On December 7, 2018 the New York Times published an op-ed by Oliver Nachtwey titled
It Doesn’t Matter Who Replaces Merkel. Germany Is Broken

    The author, a professor of sociology at the University of Basel, sees Germany doomed (and with it Europe) after Ms. Merkel’s departure from the position of head of the Christian Democrat Party and the approaching end of her chancellorship. He cites a number of reasons for his claim – all well known. Growing job insecurity, expanding minimum wage sector, the middle class increasingly divided between upper deciles getting richer and a majority feeling menaced by social decline. These changes resulting in the loss of the traditional two-party politics, the backbone of Germany’s stability and resilience.

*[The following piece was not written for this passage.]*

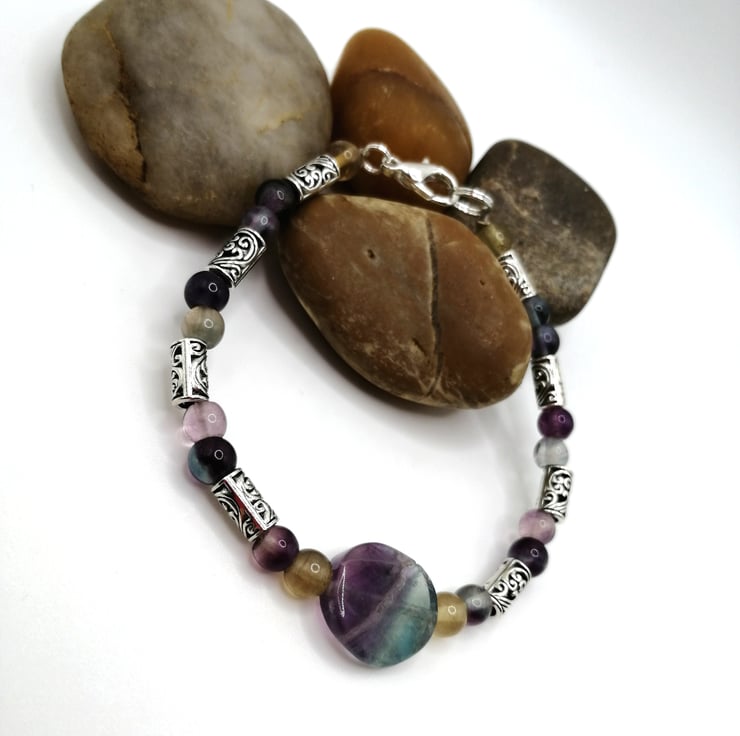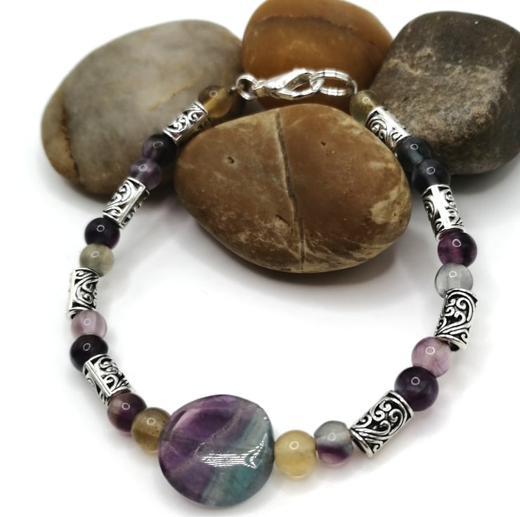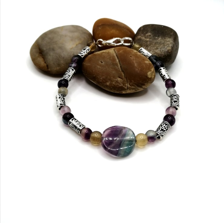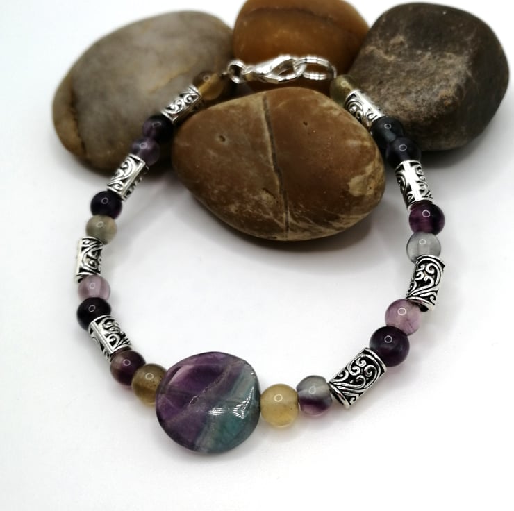 This wonderful bracelet is made with fluorite and silver plated beads. Please leave me a message with your choice of length. If I do not receive a message I will send as pictured.

    However, for a country considered doomed, Germany is doing exceedingly well. “Happy Germany”(Glückliches Deutschland) was the headline of a recent newspaper article on a 2018 Nielsen report which measured peoples’ satisfaction with their living and job conditions, across countries. Germans are expecting a bright future, the report says; with an index of 106 their expectations range well above the European average of 87. The economy is booming, the labor market is governed by almost full employment and is close to emptying the migrant labor reserves of Eastern Europe and the Balkans. In many villages of Bulgaria and Romania only old people and children are left because adults have migrated to Germany and beyond.

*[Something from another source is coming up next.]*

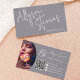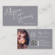 Eine moderne und fett-schminkende Makeup-Künstlerin und Friseur-Visitenkarte mit überdimensionalem Namen an der Vorderseite in handgeschriebenem Stil, Schriftart und Foto, QR-Code und Social Media an der Rückseite in staubblauer Farbe. Alle Farben sind bearbeitbar.

    It is true that Germany has developed a large and growing low wage sector characterized by volatility of employment, exploitation and poverty, especially among single mothers or fathers. It is also true that immigrants, perhaps more accustomed to hardscrabble life, are increasingly competing with Germans for simple jobs in construction, transport, crafts and services.

    However, low wage part time employment is also popular among married women working to make some pocket money or finance the family’s premium automobile which they proudly use for hauling groceries and schooling children. Many retail stores are run by part time women who allow the employer to avoid hiring costly regular full time staff.

    Despite or because of the sprawling low wage sector, there is still plenty of hidden unemployment in Germany not shown by official statistics. The continuing trend toward fixed term employment and other precarious forms of employment is keeping workers and employees insecure and cautious. As a result, trade unions appear weak and the level of wages and salaries in Germany has stagnated in recent years.

    Since in France, Britain and Italy, wages have risen in line with productivity increases, Germany has therefore gained a relative advantage at the expense of its labor force. Still, Germans are expressing themselves satisfied with their job situation and showing optimism as regards the future.

    When West Germany got a new (undeserved?) lease on life after World War II, there existed no “middle class”, because nearly everybody was poor. During the following few decades, a new middle class took shape based on individual ability to survive hardship, not on social status, property or education. This new class appeared somewhat rough and ruthless, forming the image of the new Germany and its economic vigor.

    Since then normalization took its toll. A new upper crust formed fancying style and education, which pushed its offspring through university into posh jobs. As in prewar Germany, the scions of status, class and education again grabbed the opportunities at the expense of those not in a favorable starting position. The once fairly homogeneous middle class began to fall apart with the lower-income bracket sliding toward poverty, with their children not being able to afford enough education to qualify for and get access to top jobs. The class-less Germany of 1945 has thus moved all the way back to a highly stratified society, although not as fully class dominated as some other countries, e.g. France or Britain.

    This social transformation is reflected in German politics. After many decades of unchallenged rule by a mix of conservatives, socialists and liberals, Germans became weary of these old parties and their musical chairs game. First the liberals were ditched, then the socialists. The only survivors are now the conservatives of Ms Merkel and her potential successor (the lady with the complicated name).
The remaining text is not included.